E intanto vivo, dunque sono.
Danila Olivieri (Inedita-©Tutti i diritti riservati)
Danila Olivieri è poetessa e scrittrice, presidente del Salotto Letterario «Pen(n)isola San Marco» di Sestri Levante e membro della giuria del Premio Internazionale di Poesia e Narrativa Giovanni Descalzo. Ha esordito con la silloge Sole di scirocco, ha al suo attivo un numero notevole di pubblicazioni e ha vinto numerosi premi, sia nazionali che internazionali.
Libertà
Una parola: Libertà.
Il crollo di un muro
eretto in nome della pace.
Non più fratelli divisi
e madri straniere.
E’ tornata la libertà e …
così anche la Vita.
Nicoletta Lamberti (1989-©Tutti i diritti riservati)
Narrativa
“Va’ là fuori, trova una storia che ami e poi raccontala” Ron Howard
Una domenica
Ci sono giorni che entrano a gamba tesa nella tua vita, che ti travolgono e lasciano il segno. E non sono giorni di confusione o tristezza: anche la semplicità, a volte, può colpirti forte, sorprenderti, lasciarti senza parole. Specie se hai sette anni e della vita conosci ancora ben poco.

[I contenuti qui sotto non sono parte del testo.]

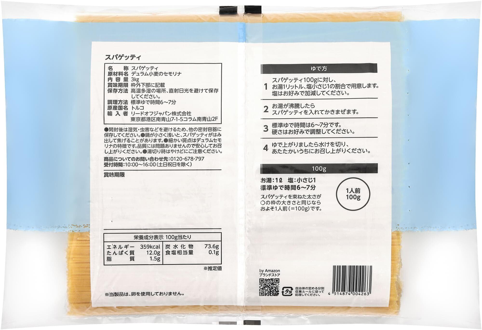 ●高温多湿の場所、直射日光を避けて保存してください。●開封後は湿気・虫害などを避けるため、他の密封容器に保存してください。●鍋が小さく浅いと、スパゲッティがはみ出して焦げることがあります。●細かい斑点はデュラムセモリナの特徴です。品質には問題ありませんので安心してお召し上がりください。

Era una domenica d’aprile, e il mio compleanno era trascorso da poco. Quella domenica aveva qualcosa di speciale, una delle poche in cui potevo passare del tempo con mio padre. Le occasioni per stare insieme non erano molte: lui lavorava sempre, e lavorava tanto. Non solo per necessità, ma anche per scelta. Aveva rinunciato al “posto fisso” per vivere a contatto con l’aria aperta, con il mare e la terra. Così, per garantire alla nostra famiglia una vita dignitosa, si spendeva senza sosta, eppure non ci aveva mai fatto mancare nulla.
Da bambino, lo guardavo con ammirazione, e mi sembrava che non fosse fatto di carne, ossa e sangue come tutti noi. Sembrava essere composto di sole, vento, rocce, e di quell’odore salmastro che portano le onde, nella freschezza della brezza marina.
I momenti insieme, negli anni, sarebbero aumentati: le domeniche allo stadio – se così si poteva chiamare il campo in terra battuta dove giocava la squadra locale – e le vendemmie, quando tutta la famiglia si riuniva per raccogliere il frutto del lavoro di un anno intero. Ma quelle domeniche di Pasqua erano nostre, solo nostre. Quei giorni, mio padre indossava il “vestito buono”, mi dava la mano e ci avviavamo. Io, vestito come lui con la cravatta e il cappello di panno grigio, il mio differiva dal suo per un piccolo particolare, una minuscola piuma inserita in un lato. Quasi mi aggrappavo a quella mano, dura e come i tralci della nostra vigna: io, frutto della sua pianta.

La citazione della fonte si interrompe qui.